Pantomime
Snow White
Beacon Arts Centre, Greenock
Mary Brennan, four stars
Okey-dokey, let’s cut to the chase. There are no 3D frighteners wheeching towards the Beacon audience. No animatronics, no inflatable monsters, no video cameras trained on embarrassed folk in the stalls. Instead, what you get is a first-rate, full-on traditional panto where the talent on-stage delivers genial tomfoolery, frisky ribald comedy, great singing and – wait for it – gooey, messy slapstick. Ya belter! as the Dame would say – indeed it is, and so is she.
Nurse Mattie McBatty (Jimmy Chisholm) is one of those twinkly, mischievous dames who can come over all perjink before delivering a frisky-risque punchline – usually heading in the direction of Mark Cox’s Duke of Argyle, her intended hot squeeze.
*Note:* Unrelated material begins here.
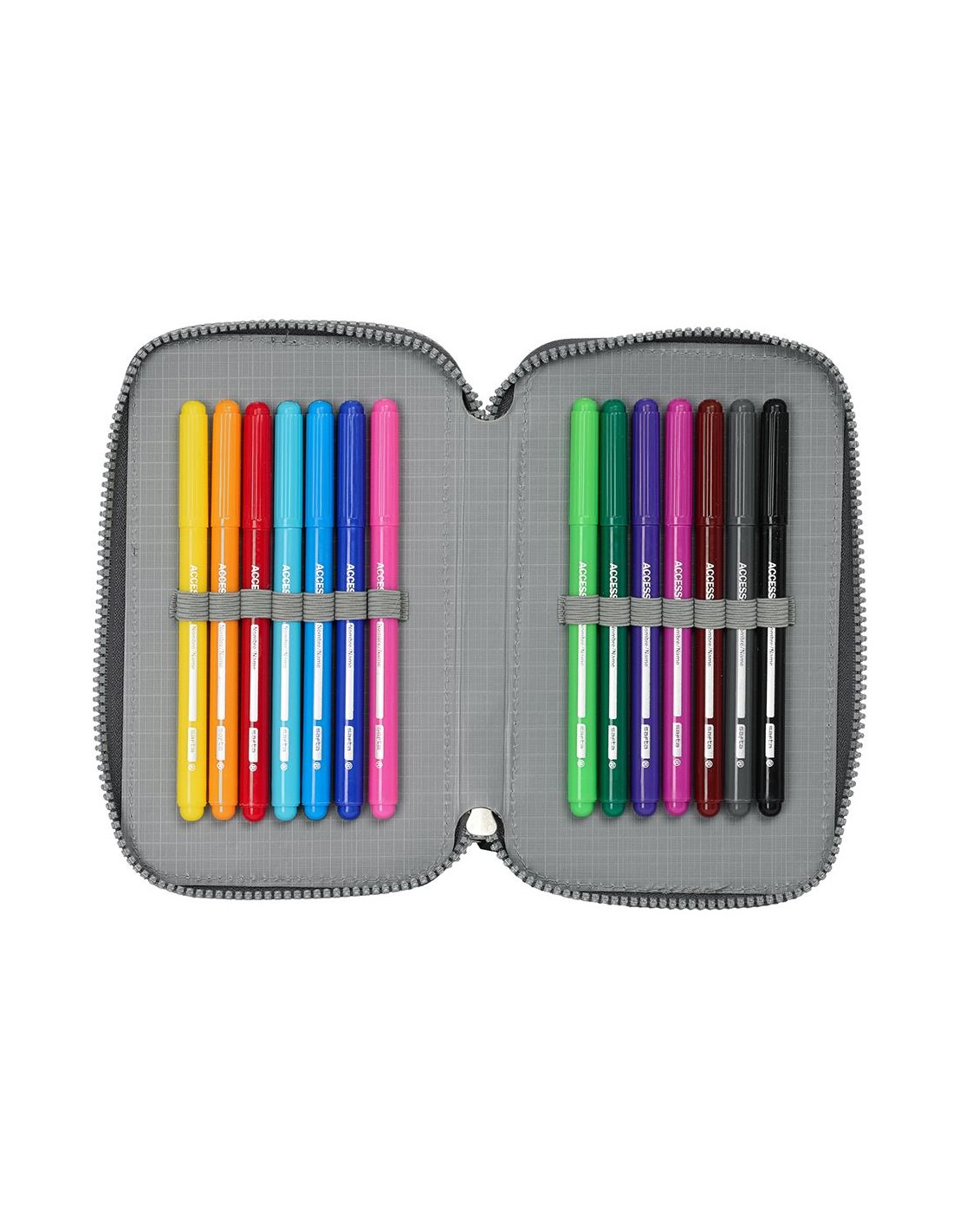 Tamaño: 12,5x19,5x4cm. Contiene 28 piezas: goma, lápiz de grafito, bolígrafo azul, y sacapuntas (1er compartimento), 10 colorines de madera, y 14 rotuladores de colores (2 compartimento).

Chisholm and Cox are already sparking brilliantly off each other, getting plenty of comic juice out of Alan McHugh’s script. As the run progresses, they’ll doubtless get up to more (unscripted) funny business simply because they understand how to riff on the ambiguities of their romance.
Add in the daft and hapless jester, Muddles (Lee Samuel) and you’re laughing, oh yes you are! Snow White (Stephanie Falls) and Prince Calum (Blair Robertson) are a well-matched pair of love birds: he has a bit of swagger, she’s sweet but not saccharin and they sing well together, too. No wonder Queen Sadista is envious, prone to towering rages that Jane McCarry vents with powerful, snarly menace. Luckily Snow White’s little guardians are on hand. Heigh ho! the Strudel team of local children get to work - in masks and with voiced-over dialogue – as the seven dwarves, fitting their actions deftly to the pre-recorded words. There is one special effect, a projected magic mirror – if you asked, it would say this panto is one of the fairest around.